* **Exercise brief**
Only the lines below between the one holding "SIGNED INDECIPHERABLY, STILL" and the one holding "The optical part", inclusive, are to be reproduced word for word; the pictures are to be left out.

* **Given entries**

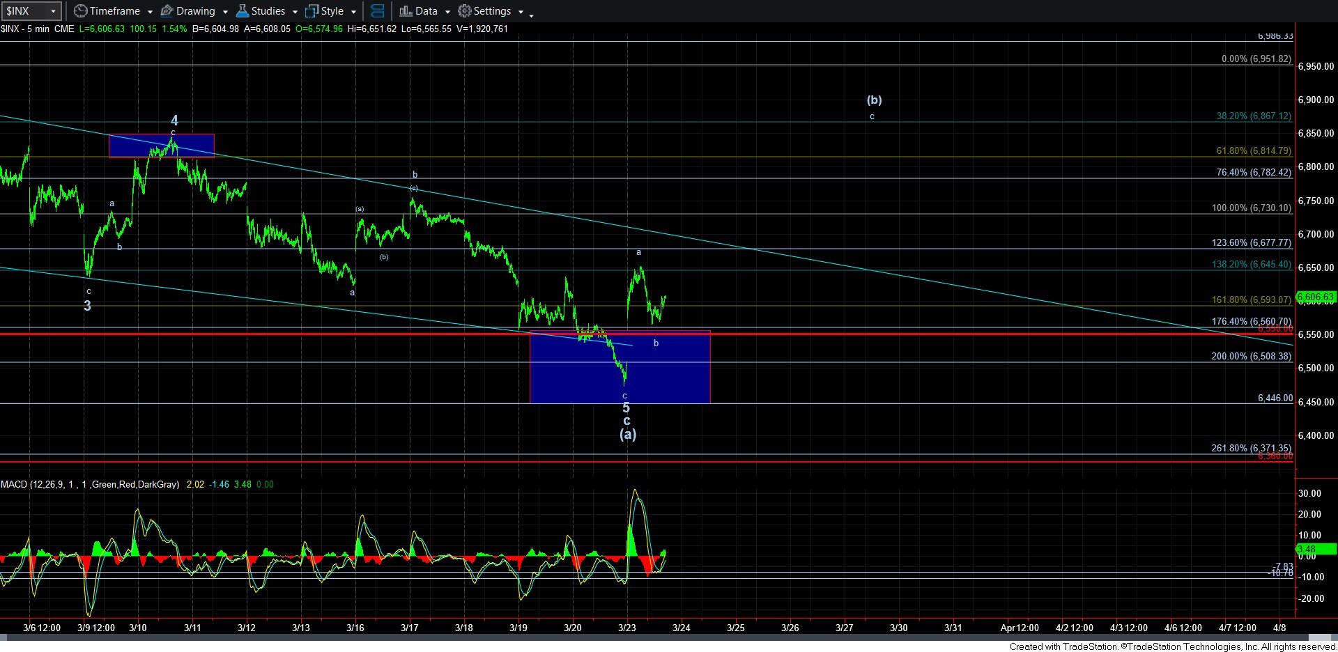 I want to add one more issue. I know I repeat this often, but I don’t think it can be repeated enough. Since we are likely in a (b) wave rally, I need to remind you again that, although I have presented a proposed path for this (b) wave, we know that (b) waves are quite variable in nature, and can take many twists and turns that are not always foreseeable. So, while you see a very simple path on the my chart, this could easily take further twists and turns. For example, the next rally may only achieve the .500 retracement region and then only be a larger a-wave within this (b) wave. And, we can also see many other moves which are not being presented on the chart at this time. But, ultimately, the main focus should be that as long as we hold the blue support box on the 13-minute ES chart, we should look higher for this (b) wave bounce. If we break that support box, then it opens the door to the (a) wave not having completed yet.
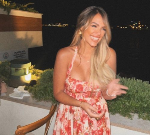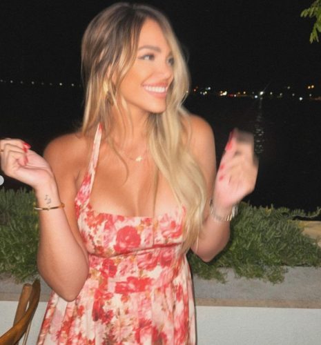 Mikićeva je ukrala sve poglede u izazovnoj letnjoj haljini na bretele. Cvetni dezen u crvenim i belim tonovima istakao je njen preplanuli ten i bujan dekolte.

--

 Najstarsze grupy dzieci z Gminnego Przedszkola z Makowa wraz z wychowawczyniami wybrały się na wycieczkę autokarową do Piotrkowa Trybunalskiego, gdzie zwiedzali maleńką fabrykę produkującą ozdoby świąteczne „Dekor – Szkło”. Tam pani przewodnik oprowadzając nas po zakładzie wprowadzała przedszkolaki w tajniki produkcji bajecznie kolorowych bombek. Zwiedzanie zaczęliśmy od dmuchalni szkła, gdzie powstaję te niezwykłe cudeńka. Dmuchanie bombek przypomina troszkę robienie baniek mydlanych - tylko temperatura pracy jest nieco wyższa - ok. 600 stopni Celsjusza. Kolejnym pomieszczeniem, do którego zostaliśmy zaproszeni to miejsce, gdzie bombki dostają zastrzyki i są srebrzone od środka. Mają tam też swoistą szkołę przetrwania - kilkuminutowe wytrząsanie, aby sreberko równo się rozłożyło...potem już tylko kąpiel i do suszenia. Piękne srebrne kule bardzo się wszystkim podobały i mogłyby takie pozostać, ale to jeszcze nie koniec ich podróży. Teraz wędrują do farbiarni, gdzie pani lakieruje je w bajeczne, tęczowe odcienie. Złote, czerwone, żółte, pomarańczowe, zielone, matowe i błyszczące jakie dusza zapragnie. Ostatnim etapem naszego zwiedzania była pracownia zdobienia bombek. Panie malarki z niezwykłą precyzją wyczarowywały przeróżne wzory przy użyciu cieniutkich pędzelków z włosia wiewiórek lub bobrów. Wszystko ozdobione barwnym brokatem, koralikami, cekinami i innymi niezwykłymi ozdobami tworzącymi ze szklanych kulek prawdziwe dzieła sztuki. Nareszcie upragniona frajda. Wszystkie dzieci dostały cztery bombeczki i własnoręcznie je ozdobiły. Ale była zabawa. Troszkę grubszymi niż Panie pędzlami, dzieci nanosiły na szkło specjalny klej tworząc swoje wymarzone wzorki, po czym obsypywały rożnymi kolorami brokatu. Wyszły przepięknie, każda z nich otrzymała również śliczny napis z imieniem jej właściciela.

---

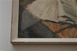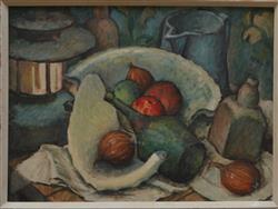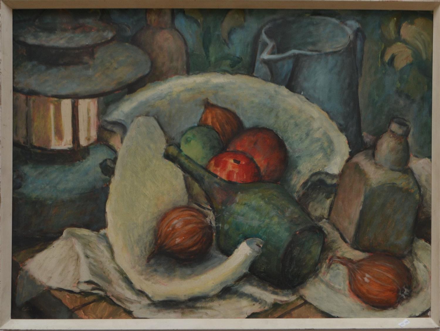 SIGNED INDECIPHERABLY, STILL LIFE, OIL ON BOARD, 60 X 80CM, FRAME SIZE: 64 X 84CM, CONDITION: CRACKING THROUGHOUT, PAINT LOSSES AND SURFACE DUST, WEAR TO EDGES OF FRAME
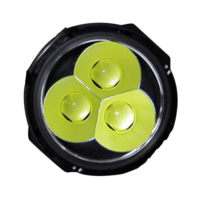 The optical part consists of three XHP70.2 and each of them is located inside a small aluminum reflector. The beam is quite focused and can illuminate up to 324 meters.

* **Written answer**
 SIGNED INDECIPHERABLY, STILL LIFE, OIL ON BOARD, 60 X 80CM, FRAME SIZE: 64 X 84CM, CONDITION: CRACKING THROUGHOUT, PAINT LOSSES AND SURFACE DUST, WEAR TO EDGES OF FRAME
 The optical part consists of three XHP70.2 and each of them is located inside a small aluminum reflector. The beam is quite focused and can illuminate up to 324 meters.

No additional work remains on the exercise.